In [10]:
import yfinance as yf
import numpy as np
import pandas as pd
import matplotlib.pyplot as plt
from sklearn.preprocessing import MaxAbsScaler,RobustScaler,MinMaxScaler

from tensorflow.keras.models import Sequential
from tensorflow.keras.layers import LSTM, Dense, Dropout
import tensorflow as tf

import plotly.graph_objects as go

yfinance: This library is used to download historical market data from Yahoo Finance.
numpy: Provides support for large multi-dimensional arrays and matrices, along with mathematical functions to operate on these arrays.
pandas: A powerful data manipulation tool for data analysis, providing data structures like DataFrames.
matplotlib.pyplot: A plotting library for creating static, interactive, and animated visualizations in Python.
sklearn.preprocessing: Includes different scalers (MaxAbsScaler, RobustScaler, MinMaxScaler) for normalizing data before feeding it into the model.
tensorflow:A linear stack of layers for building a neural network model in Keras AND Includes LSTM, Dense, and Dropout layers which are used to construct the neural network.
plotly.graph_objects: A library for creating interactive and dynamic plots, useful for more complex visualizations.

In [11]:
ticker = 'AAPL'
train_str_date = "2017-01-05"
train_end_date = "2024-06-23"
data = yf.download(ticker, start=train_str_date, end=train_end_date)
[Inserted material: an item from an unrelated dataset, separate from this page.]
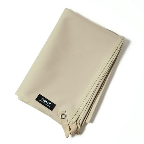 NEWTのグランドシートは耐水圧8000mmで試験合格。サイズは200cm×145cmの大型で、撥水・防水・断熱仕様。ポリオックスフォード生地を使用し、収納バッグ付き。風でめくれにくいデザインのベージュ色です。
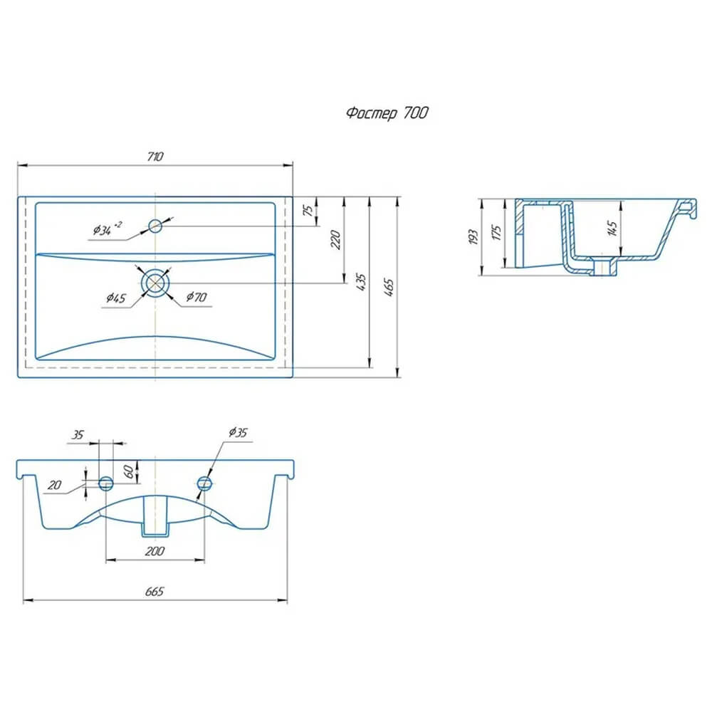- Размеры (ШхГхВ): 71x46,5x19,3 см

[*********************100%%**********************]  1 of 1 completed


In [14]:
data = data[['Adj Close']]
scaler = MinMaxScaler()
scaled_data = scaler.fit_transform(data)

In [15]:
# Split the data into training and testing sets


time_step = 50


train_data = scaled_data[:int(len(scaled_data) * 0.6)]
test_data = scaled_data[int(len(scaled_data) * 0.6):-time_step-23-30]
final_data = scaled_data[-time_step-23-30:]




def create_dataset(data, time_step=1):
    X, y = [], []
    for i in range(len(data) - time_step - 1):
        X.append(data[i:(i + time_step), 0])
        y.append(data[i + time_step, 0])
    return np.array(X), np.array(y)


X_train, y_train = create_dataset(train_data, time_step)
X_test, y_test = create_dataset(test_data, time_step)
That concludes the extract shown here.